Data records:
☆ ☆ ☆ ☆ ☆ ☆ ☆

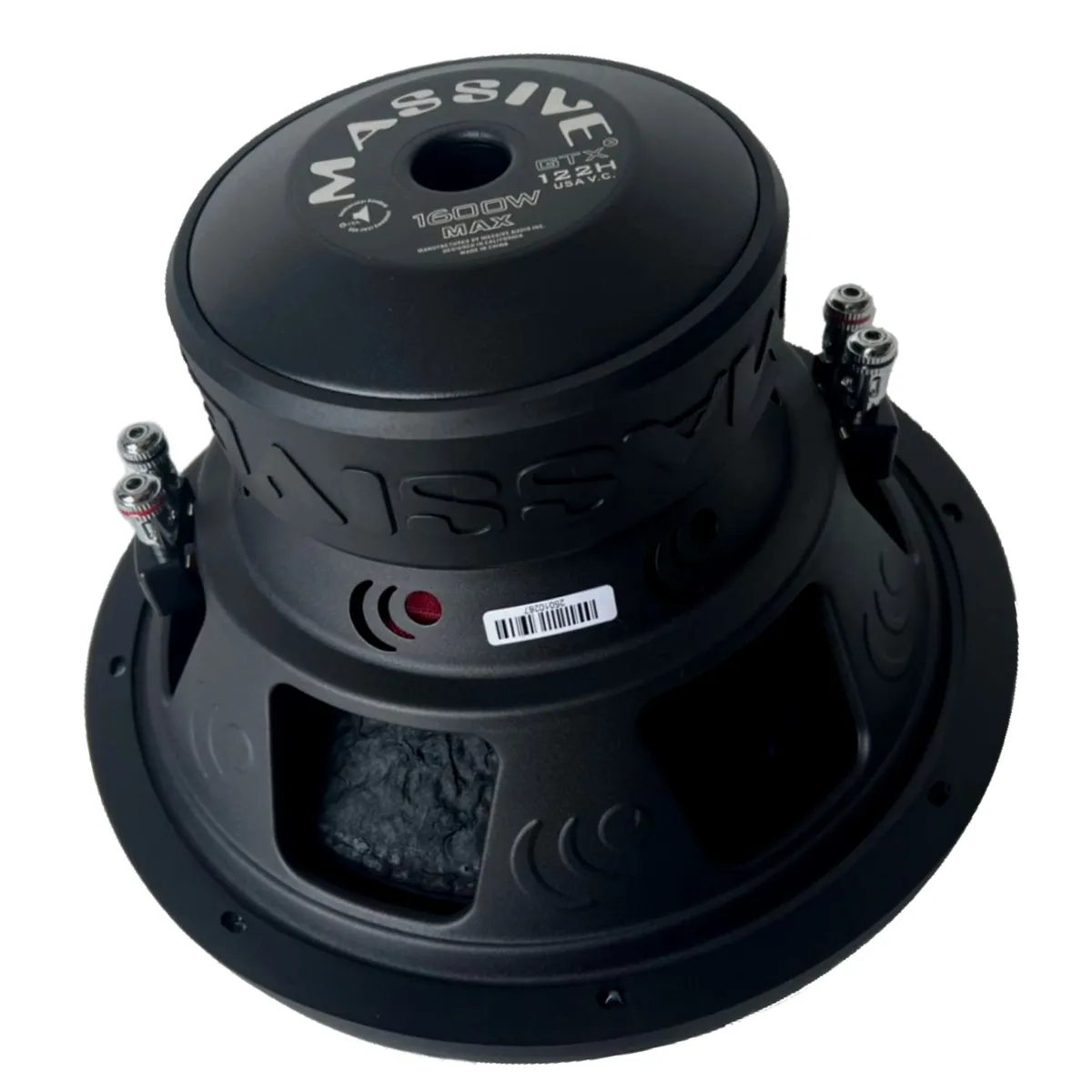 SOLD AS EACH Unleash Deep, Controlled Bass with the GTX122H The Massive Audio GTX122H is a powerhouse 12" subwoofer built for serious sound enthusiasts. Delivering 800 Watts RMS and 1600 Watts MAX, this dual 2-ohm beast features a heavy-gauge steel basket with industrial texture painting for unmatched durability. At its core are dual stacked high-flux Y30 120oz Strontium Ferrite magnets and a 10mm top plate, driving intense magnetic force for clean, thunderous bass. Its UV-treated non-pressed paper cone is stitched with tight red threading and bonded to a pressed foam surround, ensuring long-lasting performance and minimal distortion. The GTX122H’s poly-cotton spider and high-grade woven tinsel leads connect to spring-loaded 5-way nickel-plated terminals, offering reliable signal transfer and flexible installation. With a compact 6.69" mounting depth and a precision-engineered 10.79" cutout diameter, the GTX122H fits a wide range of enclosures while delivering Massive Audio’s signature sound quality. Whether you're upgrading your car audio system or building a custom setup, this subwoofer is designed to perform and built to last. Manuals & Downloads GTX122H Manual FEATURES Heavy gauge Steel Basket with Industrial Texture Painting Dual Stacked High Flux Y30 120oz Strontium Ferrite Magnets Dual Impedance / 2.5" 4 Layer Hi-Temp Copper Voice Coil Poly Cotton Spider with Woven Round Tinsel Leads UV Treated / Non-Pressed Paper Cone with EROM Foam Surround Round Shape PP Vacuum Dust Cap 10mm Top Plate Customized Rubber Gasket & Magnet Boot SPECIFICATIONS Size 12" Watts RMS 600-800 Peak Power 1600 Cone Non-Pressed Paper Voice Coil 2.5" Dual 2 Ohm Surround Pressed Foam Magnet 120oz Terminals 5 Way Binding Push Terminals Basket Heavy Gauge Steel Tinsel Leads Woven Round X-Max 15mm with 10mm Top Plate SPL 86.6 dB FS 36Hz Ported Box 14"H x 18"D x 13.75"W / 12.56 sq. in. Port Area Sealed Box 1.25 ft3 - 14" x 14" x 11.95"
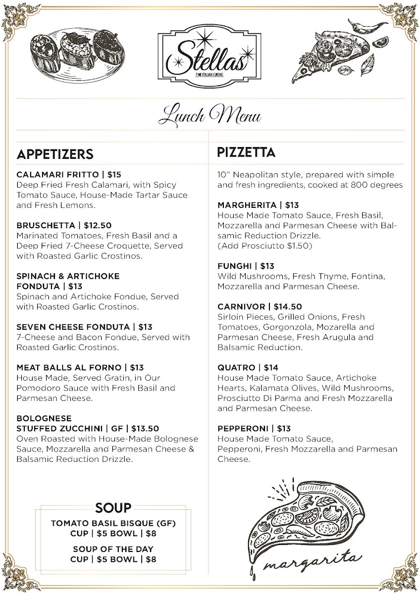 House Made Tomato Sauce, Mozzarella and Parmesan Cheese with Fresh Basil.
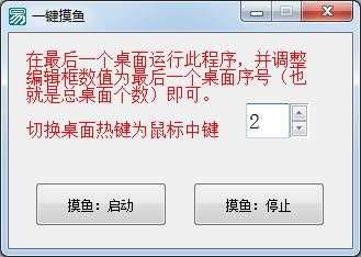 在最后一个桌面运行此程序,然后编辑框调节为最后一个桌面,点击摸鱼启动按钮。启动后程序只有托盘图标,单击图标显示界面,双击则退出程序。
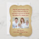 Un hermoso árbol con hojas doradas y un ligero polvo de nieve. Un entorno pacífico para las fiestas de Navidad. Un sentimiento cálido en el reverso, "Que la belleza tranquila de la temporada te brinde profunda alegría y cálidos recuerdos para atesorar durante todo el año venidero" y espacio para una foto debajo del texto.
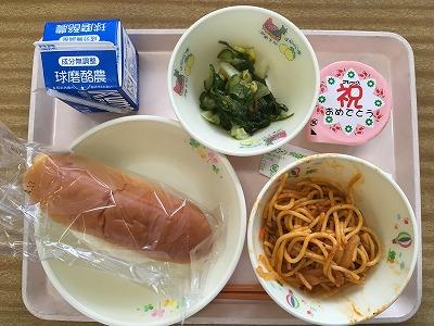 ・ミルクパン、スパゲティナポリタン、海藻サラダ、デザート
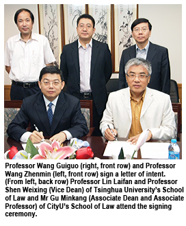 Professor Wang Guiguo, Dean of CityU’s School of Law, and Professor Wang Zhenmin, Dean of Tsinghua University’s School of Law, signed the letter of intent on 17 September 2010. “The letter of intent marks a milestone between the law schools at CityU and Tsinghua University. It will further enhance academic exchanges between faculty members and students at both universities,” Professor Wang Guiguo said.
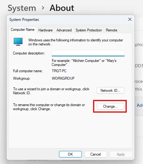 On the System Properties windows, click on Change under the Computer Name tab. I am selecting Domain under Member of and putting in my domain that I had configured previously.
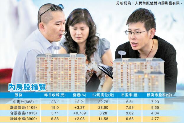 對此,交銀國際研究部助理副總裁謝騏聰表示,交銀推算,人民幣每貶值1%,對內房資產净值影響只有1.5%至2%,所以自去年8月起,人民幣貶值總幅度對內房的價值最多只有10%。所以,對投資者而言,人民幣貶值對於內房的影響不足為懼。
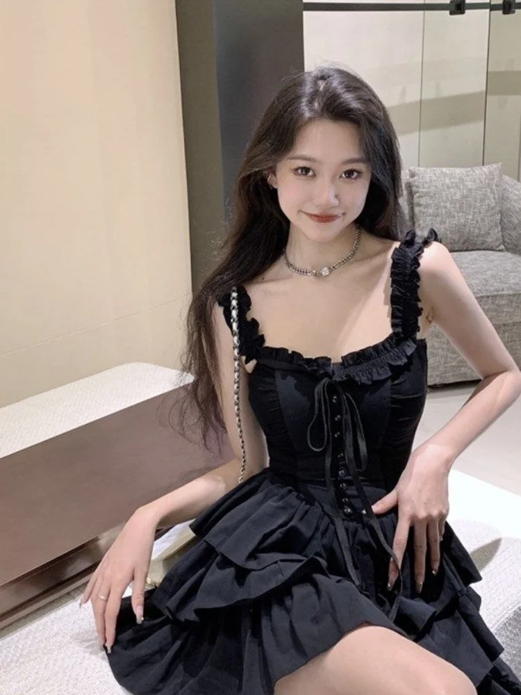 This Black Gothic Harajuku Dress is a striking blend of edgy and elegant, perfect for those who embrace alternative fashion. The dress features dramatic ruffles that add a touch of flair, while intricate lacing details enhance its gothic charm. With its dark, mysterious aesthetic, this dress embodies the essence of Harajuku style, making it an ideal choice for anyone looking to make a bold statement in gothic fashion.
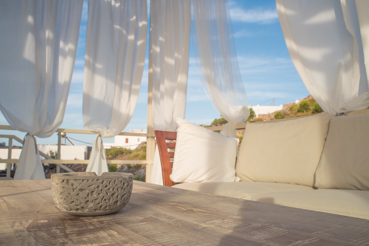 Magugustuhan mong ibahagi ang natatanging lugar na ito sa iyong mga kaibigan. Matatagpuan ang Studio Apartment na ito sa tahimik na bahagi ng Hora Patmos. Madaling ma - access gamit ang mga sasakyang de - motor o bisikleta. Ito ay bagong itinayo at naka - istilong inayos. Nagpapahiram ito ng mga walang harang na tanawin ng bahagi ng bansa at pati na rin ang makinang na asul na Mediterranean view ay hindi nabigo. Homey at masayahin, nababagay ang Apartment sa mag - asawa o nag - iisang biyahero na naghahanap ng tahimik na summer escape
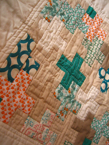 Poking around on the internet recently, I saw this quilt that would be mine, and I read Maritza's unsure ponderings over whether its recipient would like it or not. She didn't know if it suited my tastes and I didn't give too many specifics about what I wanted. (I believe all I said was "no batiks, no novelty prints") Then I read something that

☆ ☆ ☆ ☆ ☆ ☆ ☆

— REQUIREMENT —
Only the lines from the one containing "On the System" through the final line of the entries belong in the copy, both ends included. Pictures stay out.

— WRITTEN SOLUTION —
 On the System Properties windows, click on Change under the Computer Name tab. I am selecting Domain under Member of and putting in my domain that I had configured previously.
 對此,交銀國際研究部助理副總裁謝騏聰表示,交銀推算,人民幣每貶值1%,對內房資產净值影響只有1.5%至2%,所以自去年8月起,人民幣貶值總幅度對內房的價值最多只有10%。所以,對投資者而言,人民幣貶值對於內房的影響不足為懼。
 This Black Gothic Harajuku Dress is a striking blend of edgy and elegant, perfect for those who embrace alternative fashion. The dress features dramatic ruffles that add a touch of flair, while intricate lacing details enhance its gothic charm. With its dark, mysterious aesthetic, this dress embodies the essence of Harajuku style, making it an ideal choice for anyone looking to make a bold statement in gothic fashion.
 Magugustuhan mong ibahagi ang natatanging lugar na ito sa iyong mga kaibigan. Matatagpuan ang Studio Apartment na ito sa tahimik na bahagi ng Hora Patmos. Madaling ma - access gamit ang mga sasakyang de - motor o bisikleta. Ito ay bagong itinayo at naka - istilong inayos. Nagpapahiram ito ng mga walang harang na tanawin ng bahagi ng bansa at pati na rin ang makinang na asul na Mediterranean view ay hindi nabigo. Homey at masayahin, nababagay ang Apartment sa mag - asawa o nag - iisang biyahero na naghahanap ng tahimik na summer escape
 Poking around on the internet recently, I saw this quilt that would be mine, and I read Maritza's unsure ponderings over whether its recipient would like it or not. She didn't know if it suited my tastes and I didn't give too many specifics about what I wanted. (I believe all I said was "no batiks, no novelty prints") Then I read something that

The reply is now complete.